Brittanny Taylor is a photographer based in Providence, R.I. and works in New York, New England and beyond. Her photography focuses on branding, lifestyle, boudoir and fashion. We met at a fashion show back in 2012, and I have admired her work ever since. Now it’s your turn to go behind the lens with Brittanny.
Artisan Joy: How did you become a photographer?
Brittanny Taylor: It was an accident, actually. I never planned on being a photographer. I went to college for film studies, and I wanted to be a sports documentary editor. After college, I worked for Sony retail stores and had to learn how to use their brand new DSLR camera so that I could sell them. That’s how I learned how to take photos. After that, I worked for a local camera business and ended up getting laid off. I owned a camera, so I started taking photos of models, and the rest is history.
AJ: When did you realize that you could turn your craft into a side business or full-time occupation?
BT: I started in 2009 right when the 2008 financial crisis ended, but it still was hard to find a job. I realized then that I should try to make photography my thing.
AJ: Where do you find inspiration, and how do you apply it to your work?
BT: Like most photographers, I find inspiration from Instagram—mostly from influencers or business owners. I like to see how I can apply what I’ve seen and make it my own style. As much as I would love to replicate other people’s work, I can only shoot like me.

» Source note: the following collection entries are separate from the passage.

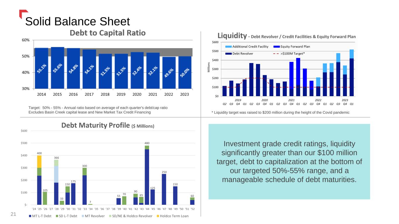 Credit, Cash Flow and Financing Plans 20 Credit Ratings 2024 Financing Plan No equity expected to fund the current 5-year | $2.5 billion capital plan Financing plans (targeting a FFO to Debt ratio > 14%) are expected to maintain our current credit ratings. We expect to pay minimal cash taxes into 2028 due to utilization of our NOL’s and tax credits. Financing plans are subject to change.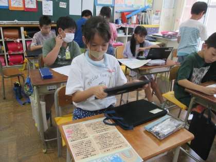 4年3組も社会科見学新聞づくりです。教頭先生が入って授業をしてくれています。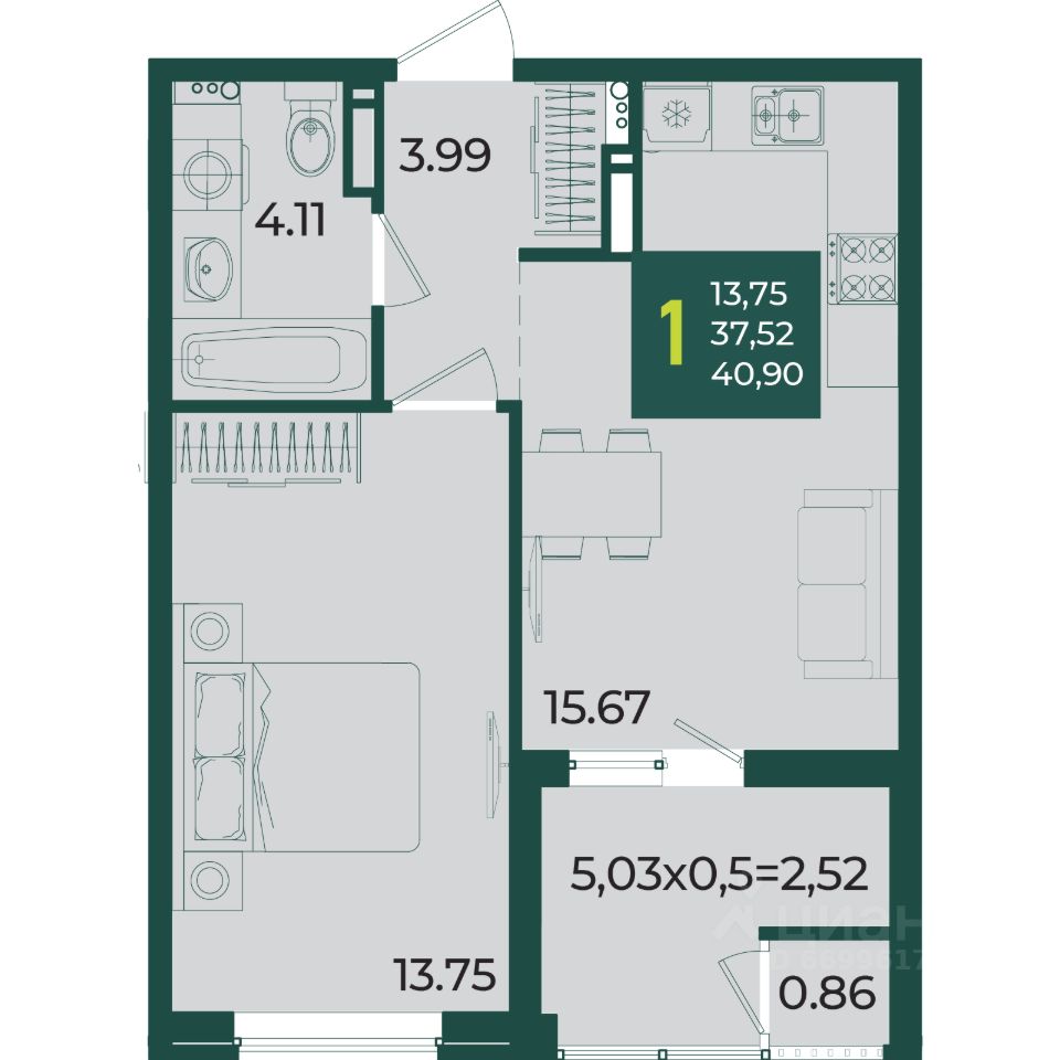 Общая площадь40,9 м2

AJ: What’s something our audience would be surprised to learn about you?
BT: I’ve had no formal training in photography, but looking back, it was clear I was meant to be a photographer. My mother has photos of three-year-old me holding a cassette tape to my face because I thought it was a camera. I always had a point-and-shoot camera in my 20s, and my friends always asked me to take photos of them. I had plenty of ideas of what I wanted to have as a career, yet photography was never one of them.

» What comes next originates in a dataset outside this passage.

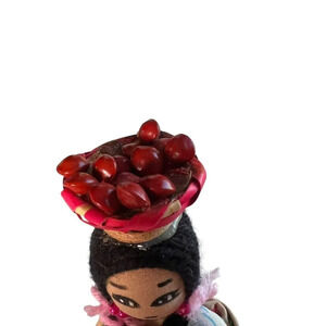 This charming homemade Honduran doll features a mother lovingly holding her baby, topped with a colorful basket of fruit on her head. Dressed in a long peasant-style dress with an apron, she is wrapped in a vibrant blanket. Her hair is neatly tied with a ribbon,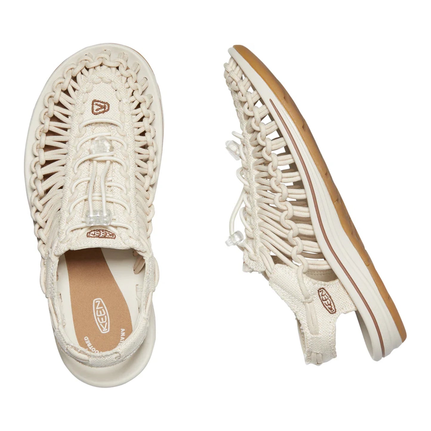 صندل مسطح أنيق للنساء من قماش طبيعي/خشب البتولا

AJ: As creatives, we can be continuously creating and refining our art. How do you handle perfectionism?
BT: I’m an Enneagram Type 1, which is literally The Perfectionist. And it’s not in the job interview sense of “my biggest weakness is I’m a perfectionist.” It can be quite debilitating, and there are times I feel like nothing I create is good enough, so I don’t even bother. I think the best thing a creative can do is create something that no one will ever see. It takes the pressure off when you’re not all consumed with how many Instagram likes you’ll get.

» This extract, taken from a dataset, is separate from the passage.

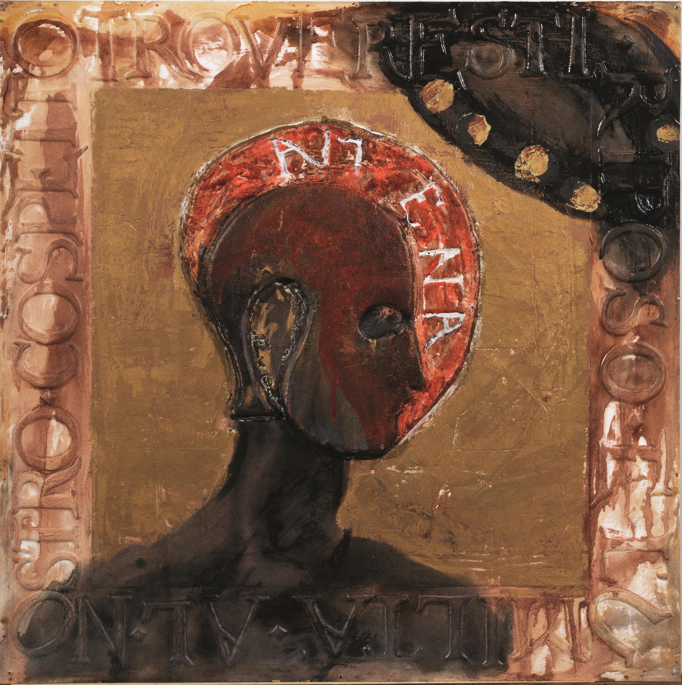 olio e tecnica mista su cartone calcografato, cm 57x57

AJ: What advice would you give to someone interested in putting their art or photography out into the world but feels vulnerable about it?
BT: I would say create a website and hold off on sharing it on social media. Social sites cause unnecessary pressure to produce content just for the likes. If someone wants to see your work, or if you need to share it, send your website. And honestly, it’s way more professional, in my opinion, to see a body of work in a portfolio than on an Instagram feed.
AJ: Has someone ever criticized your photography? How did you handle it?
BT: I’m sure plenty of people have criticized my photography. It doesn’t really affect me because I’m proud of the work and my clients are happy. Random comments from people not involved do not matter to me.
AJ: Creatives are often very in tune with what’s happening in the world. Sometimes it can feel overwhelming. If this happens to you, how do you cope?
BT: I’m in a constant state of overwhelm, and I’m not proud of it. Especially as a Black woman, it is imperative that I take the time to refuel myself. I try to remember to turn it all off and do something mindless like watching funny YouTube videos or playing Animal Crossing.
AJ: Are you passionate about a cause, and why?
BT: I am currently the communications co-chair for RI NOW. The organization’s mission is to create equality and equity in political, social, and economic arenas. I am also co-leader for TuesdaysTogether Rhode Island, which is focused on creating community over competition with creative small business owners.
Editor’s Note: According to the TuesdaysTogether Facebook page, it is the in-person meeting component of the global creative community, Rising Tide. If you’re interested in joining, you can find your nearest group here.
AJ: What brings you joy?
BT: Quiet time on the couch with my family, which consists of my boyfriend and two chihuahuas. That always brings me back down to earth.
This interview has been edited slightly for clarity.